I'm not sure that a genuine, unbiased critical evaluation is really possible for Transformers, unless the person doing the evaluation was either born in the early '90s or didn't have a TV during the '80s. War for Cybertron involves Peter Cullen doing the voice of Optimus Prime, which means just about anyone who's a big enough dork to be writing game reviews right now is also having near-constant childhood flashbacks while playing.
It's packed to the rafters with pure continuity porn, with dozens of characters, hundreds of references, and that "tch-tch-tch" transformation sound. War for Cybertron is like the Transformers: The Movie prequel that never happened.

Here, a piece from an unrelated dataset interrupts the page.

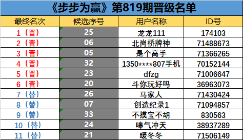 《步步为赢》第819期晋级名单公布

It's aimed directly at people who've grown up with the original cartoons; it's a love letter to eight-year-old you.
War for Cybertron is set millions of years before any of the Transformers ever reached Earth, in a period of time that's never really been fully explored in any of the sixty different Transformers continuities. The war between the Autobots and Decepticons is ravaging the planet of Cybertron, and Megatron seizes upon an ancient legend, Dark Energon, in order to get the upper hand against the Autobots.
The first thing you should probably know about War for Cybertron is that it's a multiplayer game. The campaign mode can be played solo, with two AI-controlled buddies, but they tend to be fairly useless. Even in the earlier stages, the game emphasizes coordination and teamwork, and AI-controlled characters are basically just shooting randomly at people. I'm not sure how you're supposed to be able to beat some of the stages alone on Normal difficulty or higher.

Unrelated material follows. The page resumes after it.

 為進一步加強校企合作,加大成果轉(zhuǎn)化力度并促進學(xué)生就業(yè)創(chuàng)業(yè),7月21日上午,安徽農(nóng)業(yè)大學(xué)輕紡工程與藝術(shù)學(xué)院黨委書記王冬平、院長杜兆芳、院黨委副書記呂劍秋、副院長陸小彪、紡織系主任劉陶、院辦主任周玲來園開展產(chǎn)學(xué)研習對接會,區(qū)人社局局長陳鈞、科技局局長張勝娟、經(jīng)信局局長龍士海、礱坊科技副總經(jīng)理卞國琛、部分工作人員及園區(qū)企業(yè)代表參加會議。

If you get on PSN or Xbox Live and round up two people to play your wingmen, it's a pretty decent game; it's your standard-issue Unreal Engine shooter, with a couple of minor problems. Most of the weapons don't have any real sense of impact, each of the levels seems just a little too long, and damage adds up really quickly. You're either at full health and dominating the enemy, or you're suddenly on your last sliver of life and looking frantically for hard cover. It's got that certain lack of polish to it that suggests that the actual gameplay was not the designers' central concern.
The multiplayer mode is fast-paced and frantic; even though you're playing as a hundred-ton vehicular behemoth, the winner of a given fight tends to be whoever saw the other guy first. You can opt to build and level up a scout, scientist, soldier, or leader, each of which has different equippable abilities, passive bonuses, arsenals, and vehicle modes. As you level up, you gain access to different rechargable special moves, new passives, and more weapons, so "grinding" in Conquest mode is pretty crucial early on.
War for Cybertron's multiplayer is a little unforgiving for my taste. There's no real matchmaking to speak of, so high-level players are often dropped into matches with fresh zero-level scrubs. As one of the scrubs, this was extraordinarily frustrating, as I would wind up smeared across the floor in seconds before I even realized a given enemy was behind me. The mode seems to thrive on situational awareness and knowing the maps, and you'll die very quickly while you're learning the game's individual quirks. It's also generally agreed at this point that the leader class runs away with the game, and scientists having limited self-healing and an extremely short life bar means no one in the right mind would play one.
There's a good game somewhere in here, but War for Cybertron is mostly fueled by nostalgia. As an actual game, it needed a little more testing and polish to make it perfect, with shorter stages, better AI, and cooler weaponry. (I'm really not sure how they managed to avoid putting Optimus's trademark giant laser rifle from the movie in there, complete with that awesome sound effect it made. This game really needed something like that.)
It's not bad, exactly, and a lot of people are going to have fun with it just by virtue of the fact that they get to play as an awesome Transformer. It's just not as good as it could be.